We first used CONETT to identify statistically significant alteration sets that consisted of highly-recurrent alteration events following the root event, and associated trajectories in the TRACERx renal study (see Section 3.1.1), by considering as a root node each gene and chromosomal arm that are found to be altered in at least 10 tumors. For each root, in this experiment we set the optional parameter t in the MPCSI formulation to a high fraction of the root’s recurrence frequency (48%). We empirically assessed the statistical significance of these alteration sets using methodology described in Section 2.4. From the evolutionarily conserved alteration sets, we constructed conserved evolutionary trajectory trees, setting the γ parameter in the MCETT formulation to 13 and the ancestor–descendant order confidence score threshold of δ=0.85 (see Section 2.3). Below we report on the 10 most significant evolutionarily conserved alteration sets.

Four of these sets contain two or three nodes, involving genes and copy number altered chromosome arms that are co-clonal (Fig. 3E): these include sequence alterations on driver gene VHL and copy number loss on Chromosome 3p, which are known to be founder alterations in ccRCC. Conserved evolutionary trajectories rooted either by sequence alterations on VHL or copy number loss on 3p (Fig. 3A and B) both include sequence alterations in PBRM1 and copy number loss on Chromosome 14q as highly conserved follow-up events (P-value < 0.001), with sequence alteration in PBRM1 typically occurring before copy number loss on 14q. Copy number gain on Chromosome 5 (occurring in about a quarter of all tumors) is accompanied by co-clonal sequence alteration in VHL, and is followed by copy number loss on Chromosome 14q and copy number gain on Chromosome 7, each observed in about half of the tumors (P-value < 0.008, Fig. 3C). The remaining three conserved trajectories are all rooted by the copy number loss on Chromosome 6, occurring in 19 tumors (Fig. 3D shows the largest trajectory tree). It is followed by losses on 14q and 9 at a high conservation rate of 70% (P-value < 0.001), gains on Chromosome 7 at 55% (P-value < 0.010) and sequence alterations of VHL and loss on Chromosome 4 at 50% (P-value < 0.001). Loss on Chromosome 4 follows loss of Chromosome 9 in more than a third of the tumors.

Fig. 3.

Fig. 3.

Conserved evolutionary trajectories identified through CONETT in renal cancer. The numerical value in each node is the total number of tumors in which the root event is an ancestor of the node. Next to each edge, the number of tumors that the exact evolutionary trajectory ending with that edge is conserved in is displayed. Each undirected edge (orange) marks a pair of co-clonal alterations that cannot be temporally ordered. (A–D) Conserved evolutionary trajectory trees constructed for highly-conserved alteration sets. (E) Statistically significant highly conserved, co-clonal sets, from which it is not possible to reconstruct evolutionary trajectories with a known temporal order of nodes. (F) Select trajectories from conserved evolutionary trajectory trees rooted by the germline node, VHL and loss on Chromosome 3p

Next, we looked into trees of trajectories rooted by the most recurrent events in the dataset. As sequence alterations in VHL (found in 77% tumors) and copy number loss on Chromosome 3p (found in 89% tumors) play a key role in initiation of ccRCC, we examined the two evolutionarily conserved alteration sets and conserved evolutionary trajectories that are rooted by either of these events and contain nodes that are altered in at least 10 tumors each (t =10, both of the sets have P-value < 0.001). We also examined conserved evolutionary trajectories that start with the germline node, with the same value of t, as it is present in the whole dataset. The resulting trees of trajectories are shown on Supplementary Figures S6–S8; while Figure 3F shows a number of select trajectories from those trees.
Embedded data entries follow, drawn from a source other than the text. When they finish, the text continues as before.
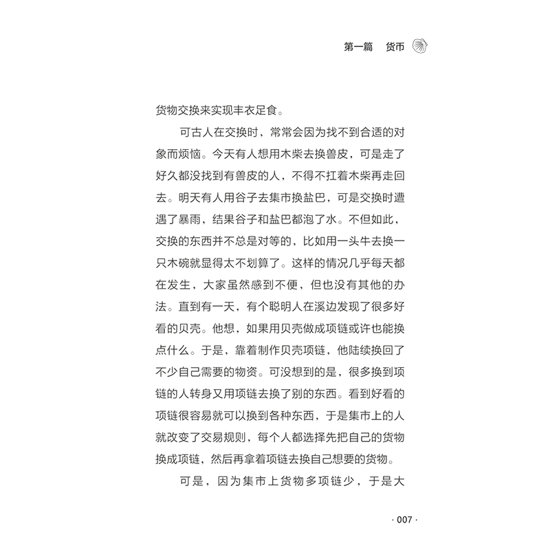 可古人在交换时,常常会因为找不到合适的对象而烦恼。今天有人想用木柴去换兽皮,可是走了好久都没找到有兽皮的人,不得不扛着木柴再走回去。明天有人用谷子去集市换盐巴,可是交换时遭遇了暴雨,结果谷子和盐巴都泡了水。不但如此,交换的东西并不总是对等的,比如用一头牛去换一只木碗就显得太不划算了。这样的情况几乎每天都在发生,大家虽然感到不便,但也没有其他的办法。直到有一天,有个聪明人在溪边发现了很多好看的贝壳。他想,如果用贝壳做成项链或许也能换点什么。于是,靠着制作贝壳项链,他陆续换回了不少自己需要的物资。可没想到的是,很多换到项链的人转身又用项链去换了别的东西。看到好看的项链很容易就可以换到各种东西,于是集市上的人就改变了交易规则,每个人都选择先把自己的货物换成项链,然后再拿着项链去换自己想要的货物。
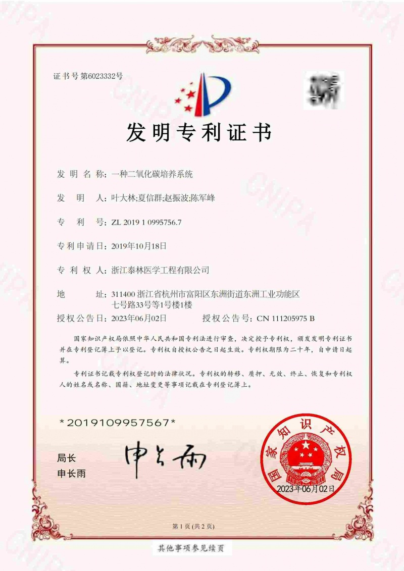一種二氧化碳培養(yǎng)系統(tǒng)ZL 2019 1 0995756.7 -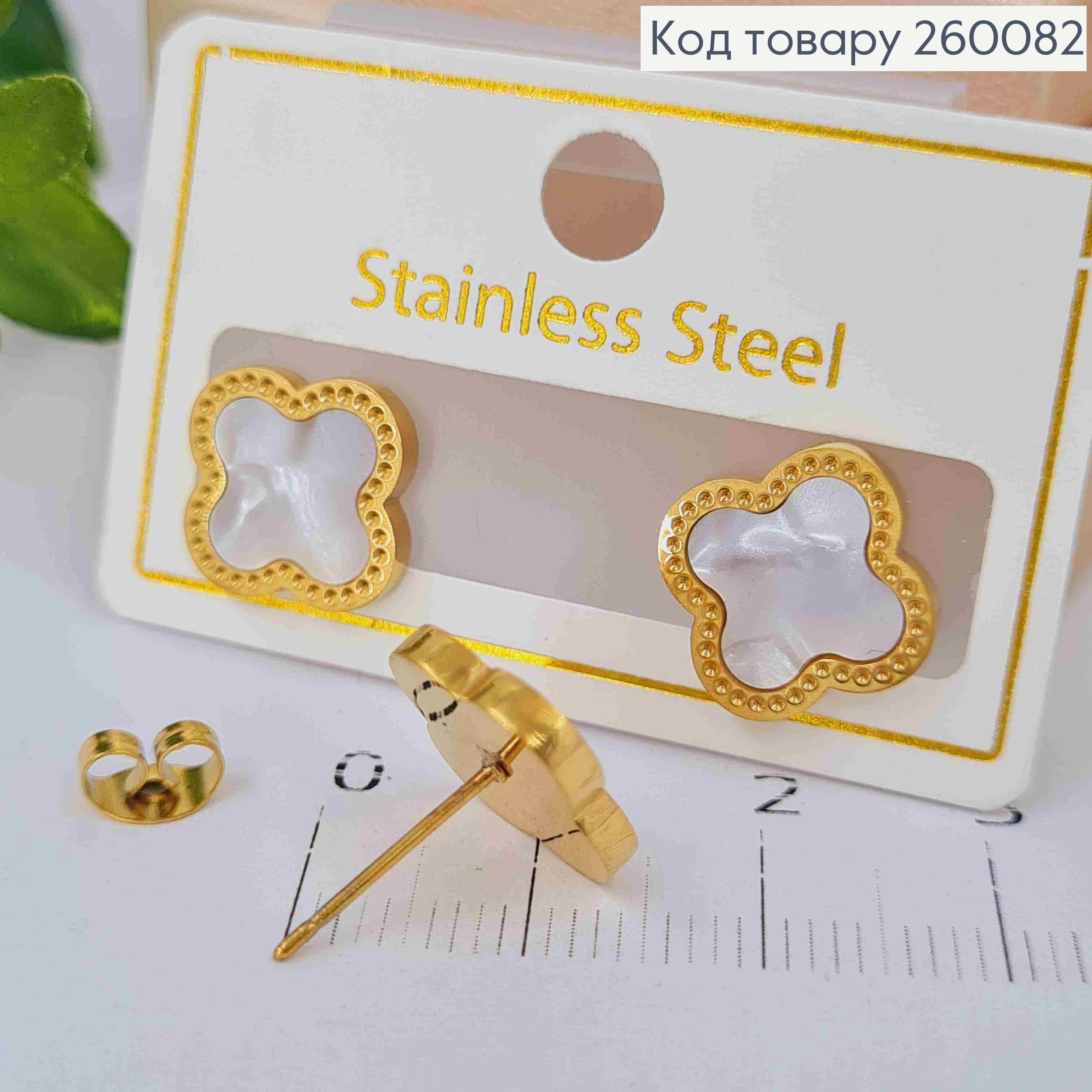 Серьги серебряного цвета, Van Cleef с перламутровой эмалью (1,4см), англ. застежка, Fashion Jewelry 260174 фото

Consistent with the trees reported in the original TRACERx renal study, the trajectories obtained by CONETT include a series of sequence alteration events VHLPBRM1SETD2 observed in 14 tumors, as well as VHLBAP1 observed in 15 tumors. Additionally, CONETT also detected two conserved evolutionary trajectories terminating with a sequence alteration in gene KDM5C that collectively cover 80% of tumors where it is present: VHL & loss_3pgain_5qKDM5C in eight tumors and VHLPBRM1KDM5C in nine tumors; these trajectories were not reported in the original study. Note that KDM5C is a chromatin modifier, similar to BAP1; its dysregulation alters the activity of many other genes (Guo and Zhang, 2017). Additionally, VHLPBRM1TSC1 is found in nine tumors, representing 75% tumors where TSC1 is present. CONETT also identified a number of less frequently altered genes that do not display high-confidence ancestor–descendant ordering. These alteration events in genes such as MTOR (in 12/17 tumors), OBSCN (in 7/12 tumors), and MUC16 (in 10/16 tumors) all seem to branch out from an alteration in VHL.

Inactivations of both PBRM1 and BAP1 are known to rarely co-occur in ccRCC (Peña-Llopis et al., 2012; Turajlic et al., 2018), and trees of conserved evolutionary trajectories on Supplementary Figures S6–S8 always place them into different branches. However, most of the time when they do co-occur, PBRM1 alteration precedes BAP1 alteration. We thus ran CONETT using PBRM1 alteration as the root event, to find out whether BAP1 sequence alteration appears as a conserved follow-up event, using t =10 (P-value < 0.001). The resulting tree of conserved evolutionary trajectories is shown on Supplementary Figure S9. Alteration on BAP1 was not identified as a downstream event, strengthening the hypothesis that their co-occurrence is most likely due to upstream events such as loss on 3p and inactivation of VHL.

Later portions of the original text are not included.